Just answer that question.


----------



## OKMrazor (Aug 8, 2009)

BCConstruction said:


> I see a guy do some free standing curved stairs on a project once. He must have had over 300 clamps on the thing when building it let alone the room full of other tools he had. This is why people are wondering how you worked from a car when you needed more tools than you could have fitted in the vehicle.
> 
> I can't get much more than 4 large tools in the bed of my truck. I would be out of room after my vac, table saw and stand, chop saw and stand, ladder, mft, cordless tools and a few systainers. That's def not enough for me to get a day work done on most jobs.


Well the four tools he listed were: drill, miter saw, levels and 4' ladder. 

That's what my initial response was to. I could fit those in my car. And more.

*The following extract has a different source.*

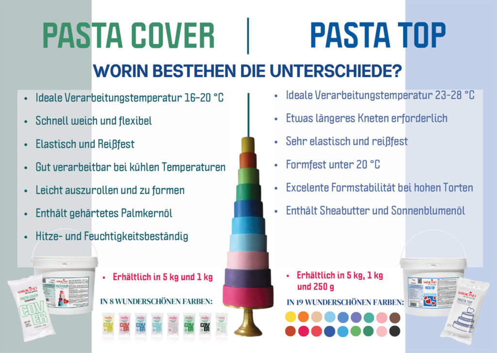 Besonders geeignet ist Pasta Top für Torten, die gekühlt gelagert werden müssen, da sie ihre Konsistenz und Form zuverlässig beibehält.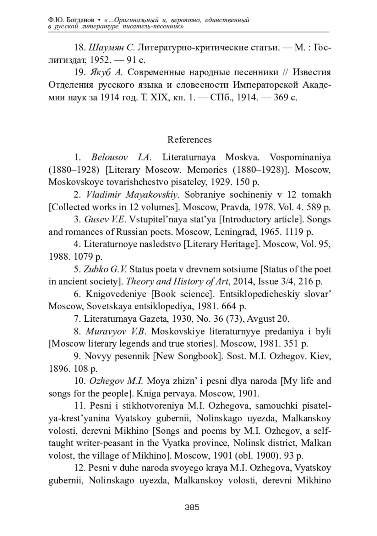 19. Якуб А. Современные народные песенники // Известия Отделения русского языка и словесности Императорской Академии наук за 1914 год. Т. XIX, кн. 1. - СПб., 1914. - 369 с.

And yes, you do need an absurd amount of clamps to do free-standing radius stairs. I've done two sets of them - one interior and one exterior.


----------



## The Coastal Craftsman (Jun 29, 2009)

well perhaps if you would have said i use other guys tools then people may not have jumped on ya asking ya how and why you used a car over a truck. I could goto work on a bike if i used other guys tools. But it still dont change the fact its hard for any contractor to run a construction business from a truck or car alone. theres nothing wrong with using a car but dont exepct to be taken seriously with any trades people when you say your work vehicle is a car. I was young and silly as well and choose a car over a van. that was a stupid mistake on my part for sure.


----------



## kevjob (Aug 14, 2006)

I dont care what my subs drive. They are doing the work and I do the selling and meetings with clients. Most of my guys have beaters for work trucks and nicer personal vehicles. My truck is also my personal vehicle because I dont haul tools anymore and my check book can fit into any car or truck and thats all I need now :thumbup:


----------



## OKMrazor (Aug 8, 2009)

BCConstruction said:


> well perhaps if you would have said i use other guys tools then people may not have jumped on ya asking ya how and why you used a car over a truck. I could goto work on a bike if i used other guys tools. But it still dont change the fact its hard for any contractor to run a construction business from a truck or car alone. theres nothing wrong with using a car but dont exepct to be taken seriously with any trades people when you say your work vehicle is a car. I was young and silly as well and choose a car over a van. that was a stupid mistake on my part for sure.


 

Said I was an employee from the get go. And I explained what tools I brought to the show. Used pretty much all my own tools. Wasn't responsible for stuff like ladders, scaffolding, etc.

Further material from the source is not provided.